Data for processing section start
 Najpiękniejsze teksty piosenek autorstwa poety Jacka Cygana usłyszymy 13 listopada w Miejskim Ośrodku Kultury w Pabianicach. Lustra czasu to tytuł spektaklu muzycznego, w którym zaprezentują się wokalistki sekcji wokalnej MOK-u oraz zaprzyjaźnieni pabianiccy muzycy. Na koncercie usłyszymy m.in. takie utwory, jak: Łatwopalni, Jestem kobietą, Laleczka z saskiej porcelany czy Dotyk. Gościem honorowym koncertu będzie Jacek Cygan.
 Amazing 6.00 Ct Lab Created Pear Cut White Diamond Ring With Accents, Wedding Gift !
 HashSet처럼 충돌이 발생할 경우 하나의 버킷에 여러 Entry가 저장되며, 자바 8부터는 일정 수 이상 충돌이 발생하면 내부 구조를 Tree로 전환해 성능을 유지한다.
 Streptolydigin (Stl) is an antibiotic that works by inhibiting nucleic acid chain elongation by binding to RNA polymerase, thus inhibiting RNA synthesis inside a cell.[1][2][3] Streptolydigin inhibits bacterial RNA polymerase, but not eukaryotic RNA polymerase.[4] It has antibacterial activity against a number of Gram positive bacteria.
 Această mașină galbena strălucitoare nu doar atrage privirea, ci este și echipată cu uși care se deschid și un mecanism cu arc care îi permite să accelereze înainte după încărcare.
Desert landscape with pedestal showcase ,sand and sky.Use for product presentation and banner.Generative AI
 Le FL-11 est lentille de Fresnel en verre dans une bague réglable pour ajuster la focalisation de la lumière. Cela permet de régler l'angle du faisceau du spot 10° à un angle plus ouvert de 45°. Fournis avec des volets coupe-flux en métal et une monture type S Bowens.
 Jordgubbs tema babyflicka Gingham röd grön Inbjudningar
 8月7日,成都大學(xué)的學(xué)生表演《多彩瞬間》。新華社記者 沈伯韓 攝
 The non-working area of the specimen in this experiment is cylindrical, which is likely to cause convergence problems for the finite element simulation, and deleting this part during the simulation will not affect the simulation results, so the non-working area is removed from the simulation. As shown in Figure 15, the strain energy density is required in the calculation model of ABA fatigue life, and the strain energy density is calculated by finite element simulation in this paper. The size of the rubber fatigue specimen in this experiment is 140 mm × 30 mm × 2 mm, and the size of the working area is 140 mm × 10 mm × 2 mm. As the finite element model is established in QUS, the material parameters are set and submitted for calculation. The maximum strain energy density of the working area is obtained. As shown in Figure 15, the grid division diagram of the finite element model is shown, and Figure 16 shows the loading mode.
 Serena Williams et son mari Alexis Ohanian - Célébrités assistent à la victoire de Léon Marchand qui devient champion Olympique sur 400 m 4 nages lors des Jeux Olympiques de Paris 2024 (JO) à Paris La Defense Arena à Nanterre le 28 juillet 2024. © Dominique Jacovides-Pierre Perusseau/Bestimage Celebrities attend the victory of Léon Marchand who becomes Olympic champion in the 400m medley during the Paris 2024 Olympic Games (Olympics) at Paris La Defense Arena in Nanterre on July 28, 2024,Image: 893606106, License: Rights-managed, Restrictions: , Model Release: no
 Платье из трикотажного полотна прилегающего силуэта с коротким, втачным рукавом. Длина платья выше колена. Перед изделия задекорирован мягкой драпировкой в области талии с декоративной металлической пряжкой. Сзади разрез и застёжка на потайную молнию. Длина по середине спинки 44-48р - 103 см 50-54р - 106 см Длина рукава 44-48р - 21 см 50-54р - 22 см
Data for processing section end
*Problem statement*.
Write out every line in the data that holds the string "during".

*Worked solution*.
 The non-working area of the specimen in this experiment is cylindrical, which is likely to cause convergence problems for the finite element simulation, and deleting this part during the simulation will not affect the simulation results, so the non-working area is removed from the simulation. As shown in Figure 15, the strain energy density is required in the calculation model of ABA fatigue life, and the strain energy density is calculated by finite element simulation in this paper. The size of the rubber fatigue specimen in this experiment is 140 mm × 30 mm × 2 mm, and the size of the working area is 140 mm × 10 mm × 2 mm. As the finite element model is established in QUS, the material parameters are set and submitted for calculation. The maximum strain energy density of the working area is obtained. As shown in Figure 15, the grid division diagram of the finite element model is shown, and Figure 16 shows the loading mode.
 Serena Williams et son mari Alexis Ohanian - Célébrités assistent à la victoire de Léon Marchand qui devient champion Olympique sur 400 m 4 nages lors des Jeux Olympiques de Paris 2024 (JO) à Paris La Defense Arena à Nanterre le 28 juillet 2024. © Dominique Jacovides-Pierre Perusseau/Bestimage Celebrities attend the victory of Léon Marchand who becomes Olympic champion in the 400m medley during the Paris 2024 Olympic Games (Olympics) at Paris La Defense Arena in Nanterre on July 28, 2024,Image: 893606106, License: Rights-managed, Restrictions: , Model Release: no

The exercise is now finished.